Y Midnight in Paris alimenta esta imagen estereotipada de París. Porque París no es, para los espectadores, la ciudad de los disturbios y la banlieue, sino el París que retrató Ernst Lubitsch en Ninotchka (1939), la ciudad en la que, a las doce de la noche, "la mitad de la gente le está haciendo el amor a la otra mitad", como le decía Melvyn Douglas a Greta Garbo. O el París de Besos robados (Baisers volés, 1968), en la que François Truffaut rememoraba su juventud. Una imagen amable sobre la ciudad que traslada el director a sus personajes: los problemas de pareja que plantea en la película no resultan traumáticos ni radicales. La visión de Allen sobre la pareja (que, junto el sexo, la religión y la muerte, constituyen sus temas constantes en el cine) no suele resultar estridente al moverse en el territorio de la comedia. Así, su reflexión sobre la infidelidad suele acompañarse de un contrapeso que marcará el nuevo rumbo de sus personajes: en Midnight in Paris, la infidelidad está presente, pero como un elemento positivo al permitir que Gil reoriente su vida. Incluso en películas tan amargas como Vicky Cristina Barcelona (2008) en la que los personajes están condenados a la infelicidad, no se percibe una desesperación total.

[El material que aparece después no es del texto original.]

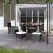 Ensemble à manger de jardin coussins 9pcs Résine tressée NoirCet ensemble de salle à manger de jardin est une combinaison parfaite de style et de fonctionnalité et est destiné à être le point de mire de votre jardin, balcon ou patio. Avec un cadre en acier robuste enveloppé de résine tressée résistante aux intempéries, les chaises de jardin sont à l'épreuve de la rouille et de la moisissure, offrant des années de détente de qualité. Les accoudoirs sont joliment décorés avec du bois d'acacia massif avec une finition à l'huile naturelle, ce qui apporte un sentiment de charme rustique. La table d'extérieur présente un dessus de table en WPC, facile à nettoyer et adapté à une utilisation à l'extérieur. Le cadre en aluminium assure également la stabilité et la robustesse. De plus, les coussins bien rembourrés offrent un confort ultime pendant votre temps assis. Cet ensemble de salle à manger de patio est facile à déplacer grâce à sa construction légère. Remarque : afin de prolonger la durée de vie des meubles d'extérieur, nous vous recommandons de les protéger avec une housse imperméable. Maximum 110 kg par siège. Soyez conscient du risque de feux ouverts et d'autres sources de forte chaleur à proximité du produit. ,

Es aquí donde Allen se distancia de propuestas más radicales de algunos compañeros de generación, como John Cassavetes que, en películas tan crudas como Así habla el amor (Minnie and Moskowitz, 1971) negaba de raíz la idea romántica que ofrece el cine sobre las relaciones de pareja. Y aquí es donde radica la aceptación del cine de Woody Allen, especialmente en Europa. Porque, trabajando como lo hacían los cineastas norteamericanos clásicos (con rapidez, con voluntad de control de la película y adaptando las historias a la financiación disponible), sus películas conjugan ese doble modelo: cine europeo en cuanto a su reflexión sobre los comportamientos de los individuos en la sociedad contemporánea y su búsqueda de nuevas fórmulas narrativas, y cine estadounidense por su interés en entretener al público con unas comedias ingeniosas y divertidas. Películas que, como Midnight in Paris, consiguen que nos evadamos un poco al tiempo que volvemos a casa pensando en el retrato que el director ha hecho de nosotros mismos a través de los personajes en la pantalla.
Apruebo todo lo que dices pero me gustaría añadir algo que no dices y que me parece fundamental. La película de Allen tiene como tema principal la reflexión acerca de esa extraña sensación propia del ser humano llamada nostalgia. El protagonista vive en primera persona aquello que está intentando plasmar en su próxima novela. Le gustaría vivir en otra época, en la época de sus ídolos, y precisamente eso es lo que le sucede a partir de la medianoche. Eso es la nostalgia: pensar que el pasado fue mejor que el presente. Por ello el protagonista cada vez se encuentra más cómodo en el pasado, en sus sueños, y tiene cada vez más problemas para afrontar su propio presente. Claramente Allen toma una posición en favor del presente al final, cuando el protagonista decide vivir su propia vida (la que le ha tocado, no la de sus sueños) y encuentra el amor real (no el utópico, que se plasmaría en Adriana). Y es que Adriana, a su vez, siendo de un pasado próximo, anhela también vivir en una época anterior (la belle epoque). Allen expresa así la idea de que generalmente el hombre desea siempre vivir otra vida, pero que únicamente puede ser feliz en el presente, aún cuando a priori no nos satisfaga.